Postby writebook » Fri 12.25.2009 4:04 pm

疲れすぎて勉強できない
is good, but most native speakers wouldn't say that.
We'd say something like:
疲れて勉強できない ... saying "I got tired, so I can't study" is enough, there's no need to say "too tired"
疲れていて勉強できない ... same as above, except it's "I'm tired, so I can't study"

However, sometimes you do want to use a phrase like "too X to do Y."
In that case, you should use the pattern:
 [VERB](dict.form) -には [ADJ or VERB]-すぎる。

Here's some examples:
1 その子は、母の きもちを 理解するには おさなすぎた。
(おさない=young, mostly for infant or preteen age)
"The child was too young to understand the mother's feelings."
(hmm... maybe the mother is sending away the child to a safe place during a way, but it's tearing her up inside.
The child is too young to understand and just thinks "Why is she sending me away? Is she angry at me?")

2 これは持っていくには重すぎる
"This is too heavy to take along"

3 彼は、ジェダイ の訓練をするには 年を取りすぎている。
"He has grown too old to do Jedi training"
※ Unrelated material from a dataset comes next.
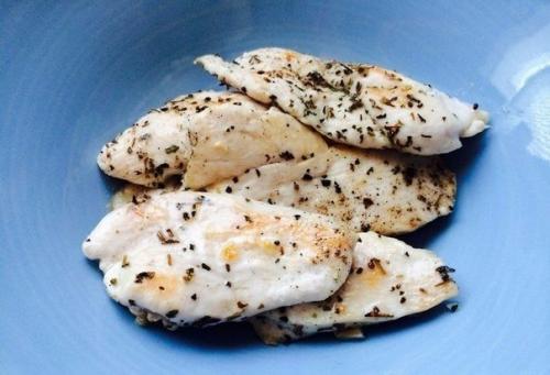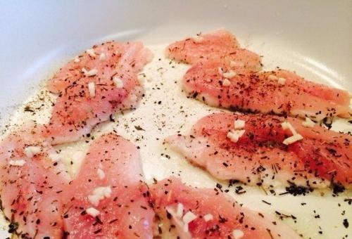 2. пока вода для спагетти закипает, приготовим курицу и соус. Филе курицы режем на пластины шириной 0, 5 см. На сковороду наливаем немного оливкового масла и ставим на средний огонь. Выкладываем Филе в один слой на горячую сковороду. Обжариваем две минуты. За это время чистим и очень мелко режем большую дольку чеснока. Посыпаем курицу половиной чеснока, солью, черным молотым перцем и 1/2 ч. л. базилика.
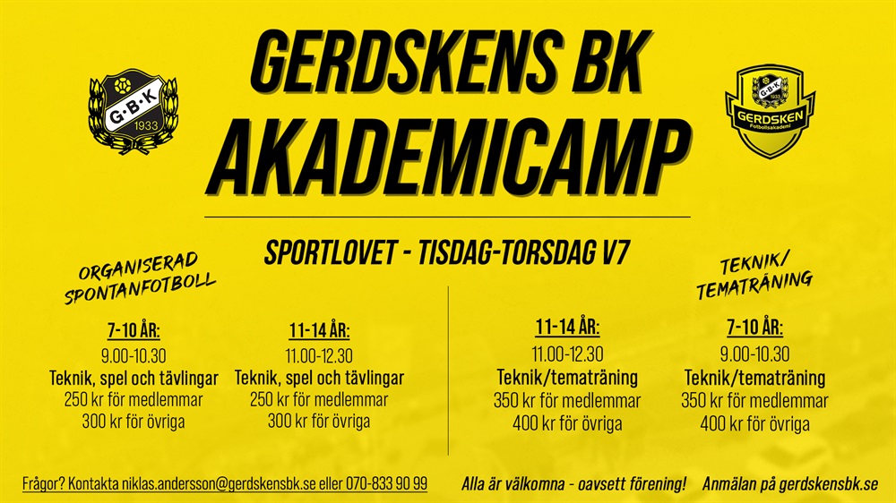 Precis som på höstlovet väntar tre camp-dagar på Gerdskenvallen på sportlovet, vecka 7. Alla spelare, aktiva eller ej och oavsett förening, mellan 7-14 år kan nu anmäla sig till Gerdskens akademicamp!

I kind of feel that 1 sounds like something from a novel. The sentence structure makes it sound dramatic or sentimental.
On the other hand, 2 and 3 just sound like the speaker is merely stating that some limit has been exceeded.

I don't know why 1 feels like literary language instead of a simple statement. I need to think more about this. But I think part of the reason is that there is no clear limit as to how much is too young, unlike carrying luggage or taking Jedi training (although whether the limit is clear or not is a subjective matter).

so, in the example about studying, it is possible to say:
僕は勉強するには疲れすぎていた。
But I think it sounds a little bit affected, since it uses literary language for ordinary daily things, especially your self.
You should just use the pattern "A, so can't B" (I'm tired, so I can't study)

If you say something like
僕は食後のアイスクリームを食べるにはお腹がいっぱいすぎた。
"My tummy was too full for me to eat my after-meal ice cream"
This one definitely sounds very comical because it is a mix literary-sounding language and everyday mundane things.